TO WIT (From this thread): http://www.autogeekonline.net/forum...nnacle-black-label-diamond-paint-coating.html
:)

Bob
 
Here's some interesting information, just made available to me,
that I wish to pass on to you OP.

Seems to be quite a few "other" parameters to meet,
in order to have success with certain PBL products.

From this thread:
http://www.autogeekonline.net/forum...-label-surface-coating-what-s-going-here.html




:)

Bob


Very interesting,

Thanks for the info Bob! I ended up washing the truck about a week later after applying it, so im wondering if I possibly was too hasty and it compromised the coating a bit.


Macro
 
Very interesting,

Thanks for the info Bob! I ended up washing the truck about a week later after applying it, so im wondering if I possibly was too hasty and it compromised the coating a bit.


Macro
Quite possible, it seems.

Also take note of the "total cure time".

Bob
 
Interesting results for the paint coating. On my sapphire black 2013 bmw, I used the pinnacle coating prep cleaner twice on the bonnet, then followed with IPA wipe down just in case , because it failed before after 2 weeks. Anyway, weather is around 20 degrees Celsius and pretty dry at the time, the coating applied easily and vanished very quickly. In fact I had to use way more than 2 to 3 sprays for the bonnet. The result was a very glossy finish. The reason for just doing bonnet is I was tired of prepping the whole car and after two weeks it failed miserably.
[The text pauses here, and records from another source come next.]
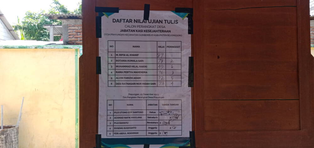 Bojonegoro, Kabar1news.com – Panitia Penjaringan Calon Perangkat Desa Prayungan Kecamatan Sumberrejo Kabupaten Bojonegoro Provinsi Jawa Timur menggelar ujian calon Perangkat Desa (Perades) di ruang kantor desa setempat, Rabu (20/12/2023) pagi.
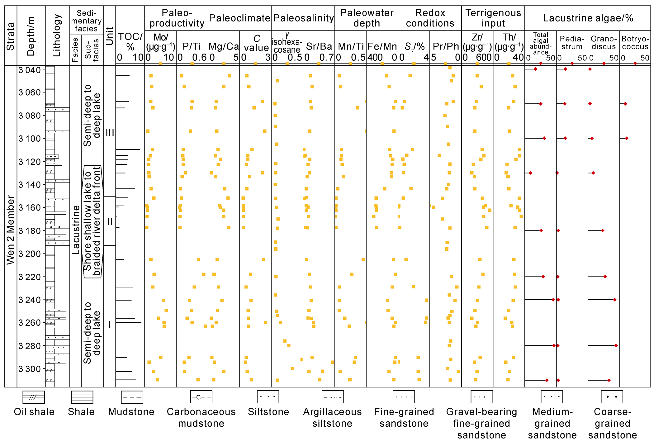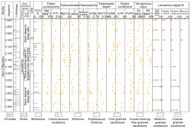 Fig. 5. Comprehensive geochemical column of the Wen 2 Member in Well W1. |
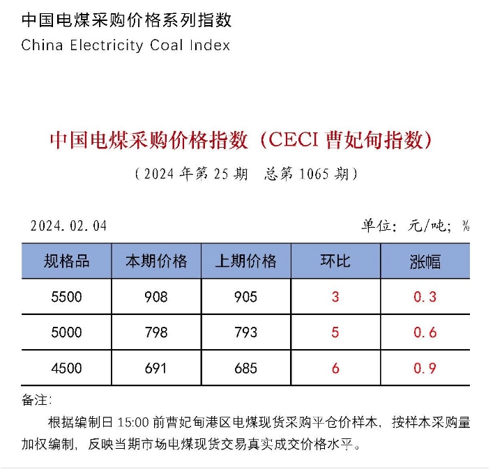中國(guó)電煤采購(gòu)價(jià)格指數(shù)(CECI曹妃甸指數(shù))第1065期
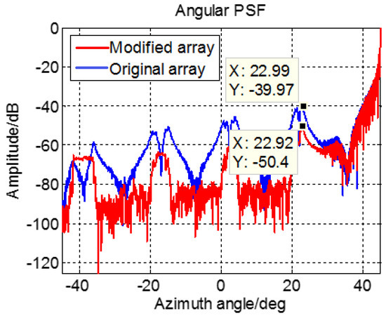 Adjusting the transmit array without changing the interval between two nearby elements, we can get the new array shown in Figure 15. The angular PSF of the edge point is shown in Figure 16, from which the level of maximum grating lobe is −50.4 dB. Obviously, the validity of the proposed method is verified by this simulation.
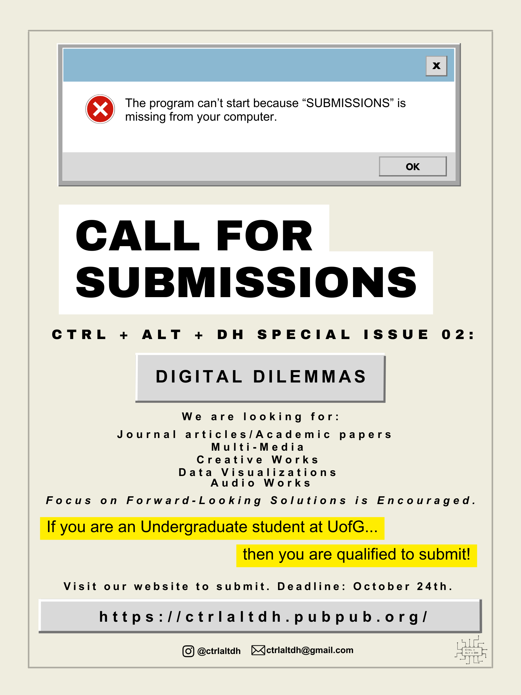 CTRL+ALT+DH is excited to announce a Call for Submissions for our upcoming issue with the theme of Digital Dilemmas. We invite all undergraduate students at the University of Guelph to submit original research, essays, and creative works that explore the complexities, ethical challenges, and unforeseen consequences of digital technologies in the humanities and beyond.

Come a thunderstorm the following week, no washing in between, the rain lasted for a week. The beading and sheeting was drastically diminished, therefore I thought it was just a build up of dirt etc. washed with a mild soap solution of ultima car wash. Then to my dismay, no more fast sheeting or beading, just like a IPA wipe downed panel.
Pinnacle paint coating after a week of rainstorm - YouTube

Is that a property of an expensive coating claiming 3 years?
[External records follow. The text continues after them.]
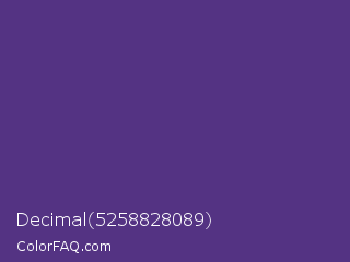 Decimal 5258828089 Color is a normal violet color and the nearest color is Regalia #522d80. Hex code #543383 and RGB value is rgb(84,51,131). In RGB color space, this color is composed of 33% red, 20% green, 51% blue, In CMYK color space, this color is composed of 36% cyan, 61% magenta, 0% yellow , 49% black , In HSL color space, this color has a hue angle of 265° , 44% saturation and 36% lightness.
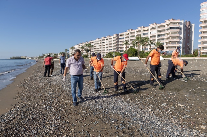 Mersin Büyükşehir Belediyesinden yapılan yazılı açıklamaya göre, Çevre Koruma ve Kontrol Dairesi ekiplerince, Tarsus ve Akdeniz ilçelerinin ardından Erdemli ilçesi sahillerinde de görülen petrol atıkları nedeniyle temizlik çalışması başlatıldı.
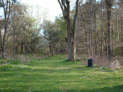 It starts out with a grass trail beside the pond and then leads back towards the woods.
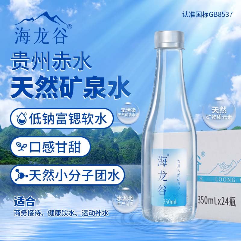 海龍谷含鍶弱堿性天然礦泉水家用小瓶飲用水整箱350ml*24瓶
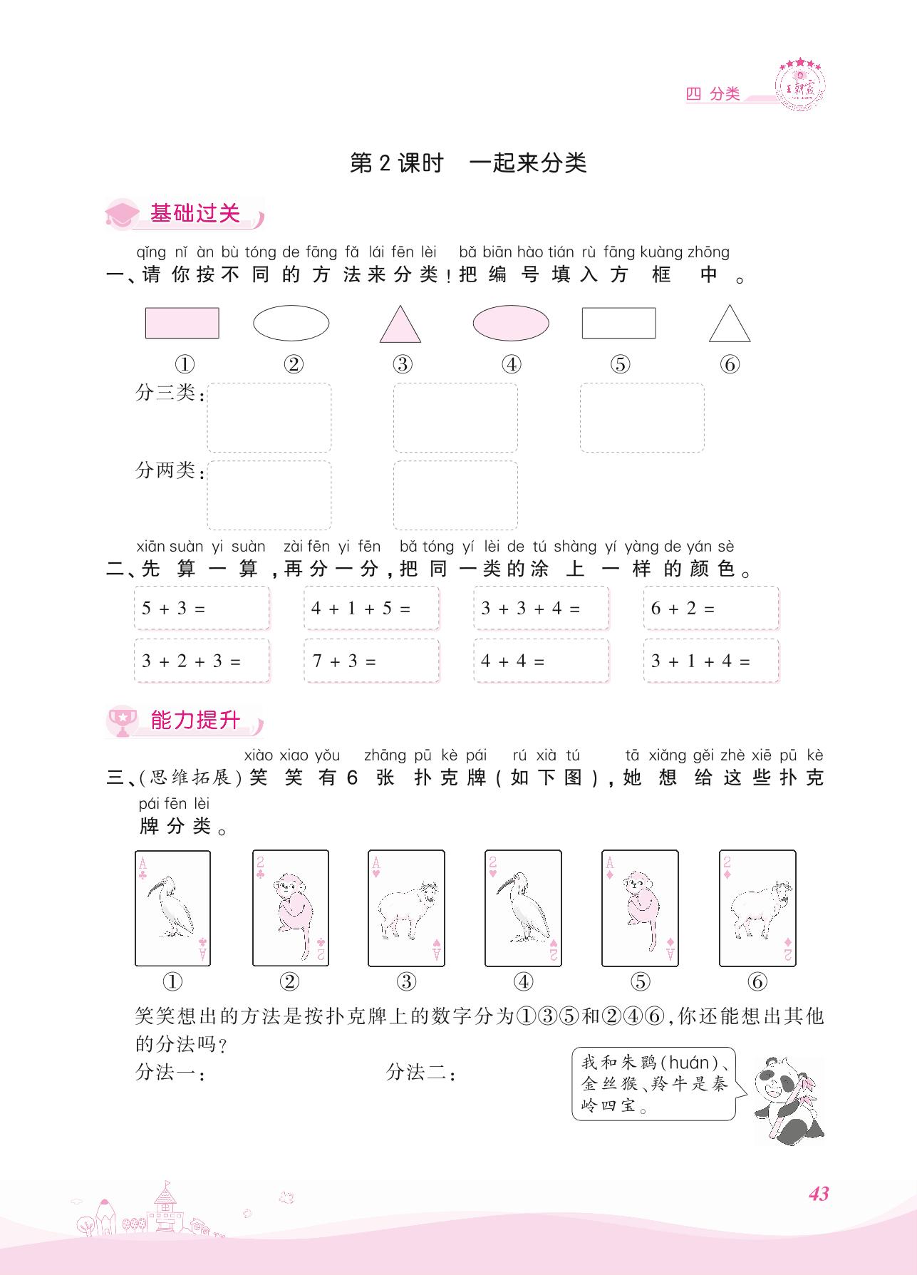 2021上册一年级数学北师版 四 分类——第2课时 一起来分类

Someone said to me it's due to BMW paint being sub par.

Heard all the comments about prep work, paint on car...etc come on, I get better results from BlackIce and UpGP...

Worst still I had a a few spots of very bad water etching on the bonnet, got the photo attached, I am not happy with the so called coating and protection of Pinnacle paint Coating.



Repeated on my cooper a, same thing, not more than a month with a weekly wash with ultima car wash soap. But looked good after initial application and felt very slick.

If you need to top it with anything to boost the beading and protection, that's bs for a coating which is supposed to be superior to wax and sealants. If you need a sealant to further boost it, why not save time and save time and money and just go for a sealant?

For a garage queen which never sees sun or rain..maybe 3 years and so will anything. I just wish they just mention clearly on the label on their claims. Topping up monthly with the coating to retain the property...yeah, because it has vanished after a month? That's a high maintenance and expensive coating.